On the other hand, it’s nice to be back in Australia, too. There’s something about a culture where “tu” and “vous” (informal and formal address) are concerns in every interaction that will always make my informal Australian brain feel like a foreigner. Australians never quite got the hang of formality, as a concept. Of all the Australian flaws, this is my favorite.

Some other observations of interest about France and Paris; don’t believe this stuff about “low European birth rates”, there’s kids everywhere in Paris. I read somewhere France is the only Western European nation with a positive birth rate, and I believe it. The only thing more common in Paris than kids, is dogs. They’re not all ratty little poodles either, walking in the parks you can come across great packs of bigger dogs that would be quite intimidating if in Australia, where lots of dogs seem to have a meaner streak. But in Paris, they all think they’re people, and behave accordingly. With the exception of sniffing each others’ backsides. But then, I’m sure a lot of people would if they could. Annoyingly, many Parisiens don’t believe in leashes. They practice screaming instead. Many peaceful walks with the family pet involve screaming “Arrête! Ici! Ici!” at the top of their lungs. The dogs, of course, pay no heed to French threats. Like most world leaders these days.

Also, with racial themes emerging lately in Paris, I was interested to see lots of mixed-race couples – black and white, but also Asian, Arab, you name it. Many had kids, other young and sexy couples were publicly intimate on park benches or at cafes in that very Parisien way. But Paris has always been like that, I recall the stories about black American jazz musicians who went to Paris in the 1930s, back when they weren’t allowed to buy a drink in many of the clubs they played at in America. And in Paris, they were treated like stars, were invited to all the big soirees, had affairs with pretty Parisien socialites, etc. And found it so depressing upon returning to America, they hit the drugs and booze even worse than jazz musicians of that period were usually reputed to. The recent troubles aren’t about race or racism as such – they’re about Frenchness. Which is not necessarily a racial concept, although it can be. I think the best way to look at it is this – the French are culture snobs. If you’re black, and play the trumpet well, they’ll love you. Arab, and dance the belly dance, ditto. Whatever colour you are, and whatever nation you’re from, if you have a strong attachment to a culture of some description and attraction, France will always be friendly. The poor urban Arabs of the riots, however, are stuck – they’re no longer Arab, and would probably hate to live in most Arab nations, but also they’re not particularly “French”, at least not as white French people would define it. Their culture is reactionary, contrary, and mass-market popular – rap and sports gear, real fodder for culture snobs. And the result is like oil and water. Or should that be oil and fire? It’s not racism in its most simplistic form. It’s culture-ism.

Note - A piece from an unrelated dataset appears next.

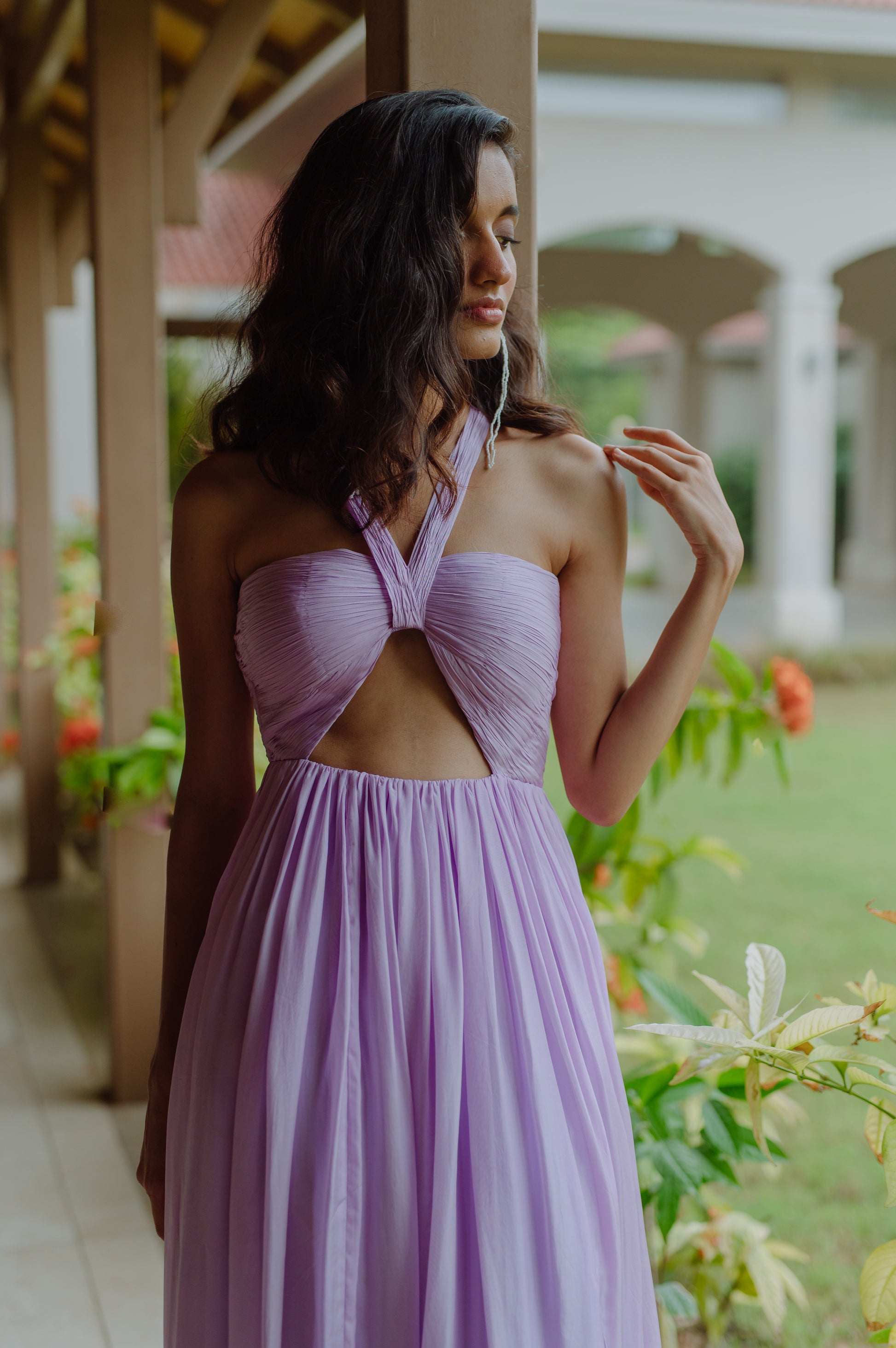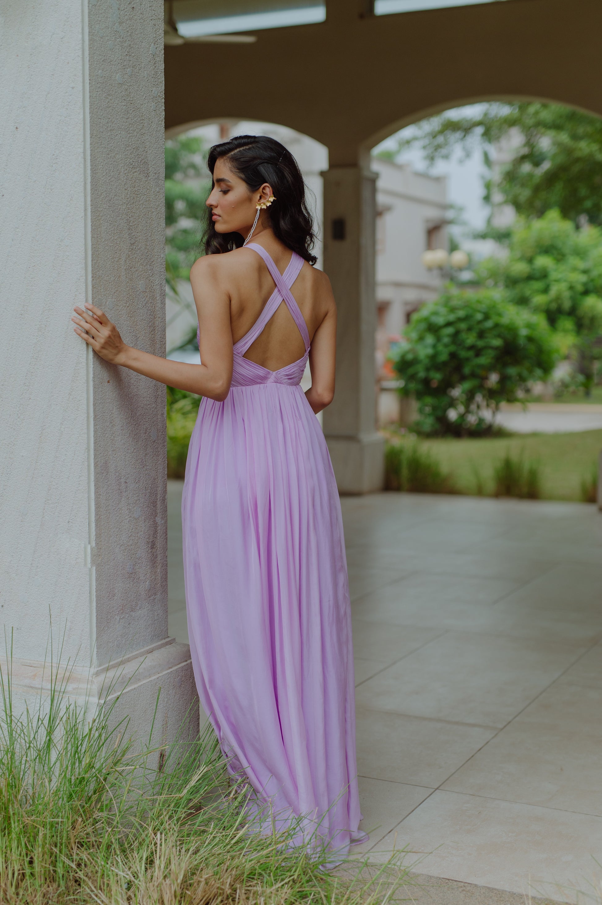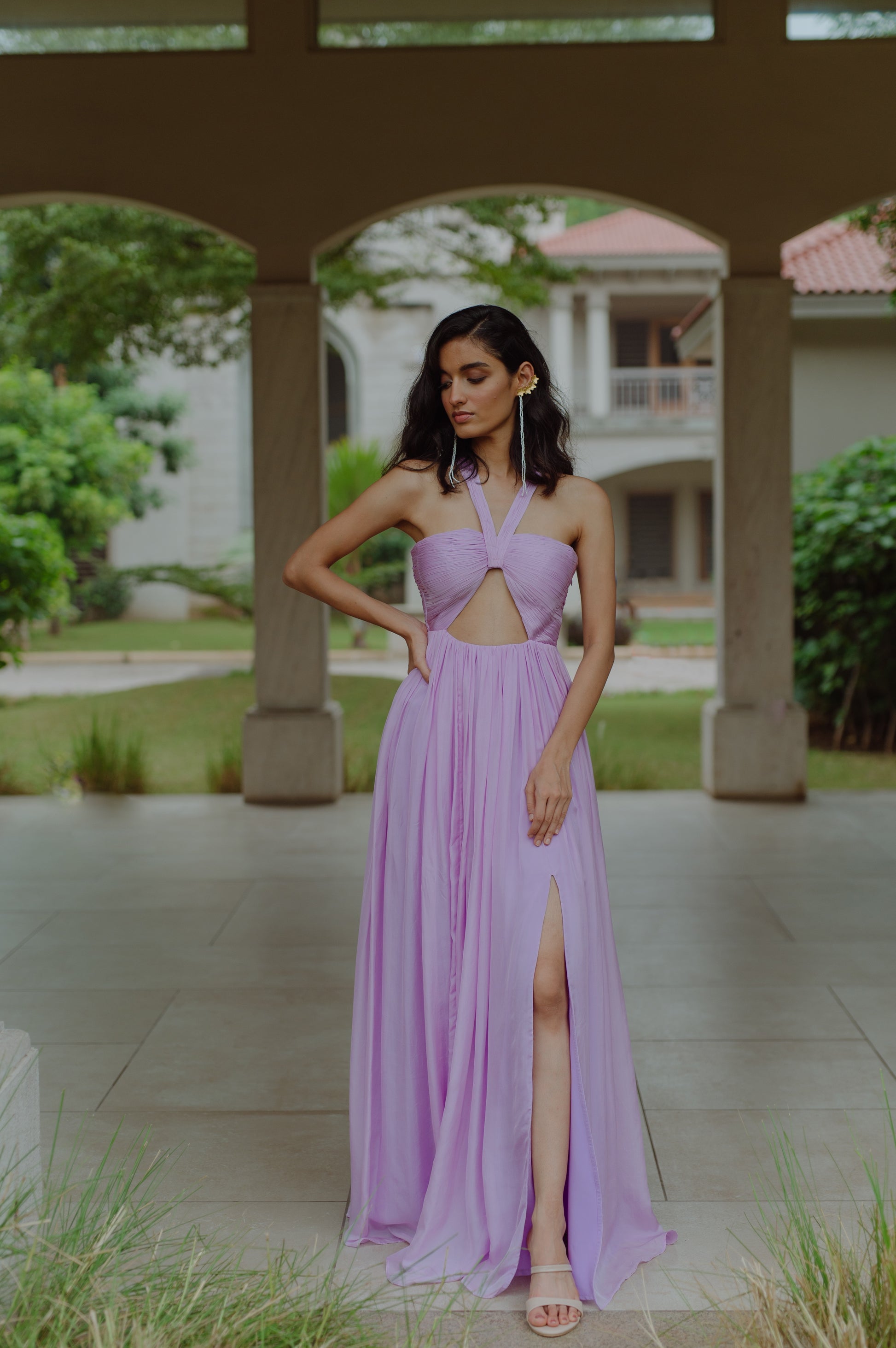 Indulge in elegance with our v-cut gown, featuring intricate rushing on the bodice. Perfect for bridesmaids, beach weddings, vacations, or pre-wedding photoshoots, this gown will elevate any occasion. Embrace luxury and sophistication with this exclusive piece.

All in all, though, I hope France gets its act together someday soon. It really is a nice country, and its people really are good people. It doesn’t make it any less fun to make fun of them, of course, but it’s always sad to see good things decline.

Birth Rates

Birth rates are up, but so far this year more Muslims children have been born in France than children with French ancestry.

The Islamic Republic of France is a fait accompli.